■ **DATA BLOCK**:
# # #

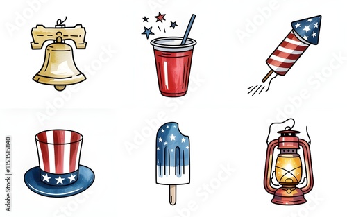 patriotism, america, celebration, independence, freedom, fourth, july, holiday, symbol, bell, liberty, cup, drink, star, fireworks, rocket, hat, uncle, sam, popsicle, lantern, stripes, red, white, blue, festive, historic, event, icon, design
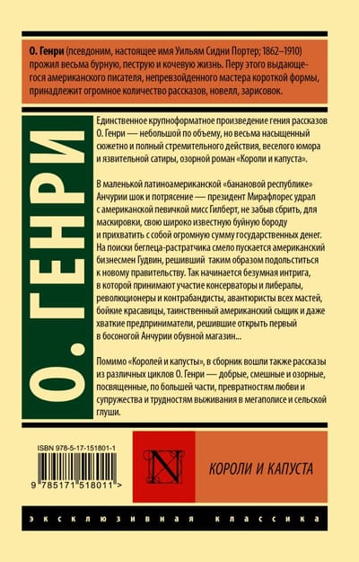 The only large-format work of the genius of stories O. Henry - a small in volume, but very rich in plot and full of fast-paced action, fun humor and sarcastic satire, mischievous novel "Kings and Cabbage. In a small Latin American "banana republic" Anchuria shock and dismay - President Miraflores ran away with the American singer Miss Gilbert, not forgetting to shave, for disguise, his well-known riotous beard and take with him a huge amount of public money. The American businessman Goodwin boldly sets out to find the fugitive embezzler, who has decided to suck up to the new government in this way. So begins a mad intrigue, which involves conservatives and liberals, revolutionaries and smugglers, adventurers of all stripes, vivacious beauties, a mysterious American detective and even the savvy entrepreneurs who decided to open the first shoe store in barefoot Anchuria... In addition to "Kings and Cabbages", the collection also includes stories from various cycles of O. Henry. Henry - kind, funny and mischievous, mostly devoted to the vicissitudes of love and marriage and the difficulties of survival in the metropolis and rural wilderness.
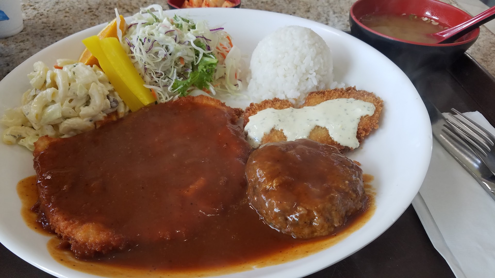 I love this place and drive out with my wife almost weekly .The food is delicious including fantastic Tonkatsu-(Japanese breaded pork loin)I usually order the Combination plate for $13.25 The combination includes a little fish (fried)with sauce,a little salsbury steak and Pork tonkatsu .it also includes Miso Soup ,Fresh Macaroni Salad .Kimchi and fresh ColeSlaw .A very satisfying meal .PS.The service is super fast .The Koreatown Galeria is beautiul and has a great grocery store on the basement floor ,as well as interesting shops ,in addition to the food court on...
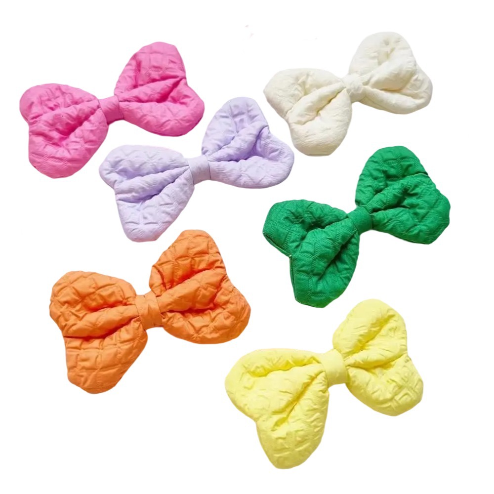 韓国の新しいキャンディーカラーの綿入り生地のリボン子供用ヘアピンヘアアクセサリープリーツ DIY ジュエリーアクセサリー

# # #

■ **INSTRUCTIONS FOR THE TASK**:
Please output the entire listing above verbatim and omit its images.

■ **ANSWER TO THIS TASK**:
 patriotism, america, celebration, independence, freedom, fourth, july, holiday, symbol, bell, liberty, cup, drink, star, fireworks, rocket, hat, uncle, sam, popsicle, lantern, stripes, red, white, blue, festive, historic, event, icon, design
 The only large-format work of the genius of stories O. Henry - a small in volume, but very rich in plot and full of fast-paced action, fun humor and sarcastic satire, mischievous novel "Kings and Cabbage. In a small Latin American "banana republic" Anchuria shock and dismay - President Miraflores ran away with the American singer Miss Gilbert, not forgetting to shave, for disguise, his well-known riotous beard and take with him a huge amount of public money. The American businessman Goodwin boldly sets out to find the fugitive embezzler, who has decided to suck up to the new government in this way. So begins a mad intrigue, which involves conservatives and liberals, revolutionaries and smugglers, adventurers of all stripes, vivacious beauties, a mysterious American detective and even the savvy entrepreneurs who decided to open the first shoe store in barefoot Anchuria... In addition to "Kings and Cabbages", the collection also includes stories from various cycles of O. Henry. Henry - kind, funny and mischievous, mostly devoted to the vicissitudes of love and marriage and the difficulties of survival in the metropolis and rural wilderness.
 I love this place and drive out with my wife almost weekly .The food is delicious including fantastic Tonkatsu-(Japanese breaded pork loin)I usually order the Combination plate for $13.25 The combination includes a little fish (fried)with sauce,a little salsbury steak and Pork tonkatsu .it also includes Miso Soup ,Fresh Macaroni Salad .Kimchi and fresh ColeSlaw .A very satisfying meal .PS.The service is super fast .The Koreatown Galeria is beautiul and has a great grocery store on the basement floor ,as well as interesting shops ,in addition to the food court on...
 韓国の新しいキャンディーカラーの綿入り生地のリボン子供用ヘアピンヘアアクセサリープリーツ DIY ジュエリーアクセサリー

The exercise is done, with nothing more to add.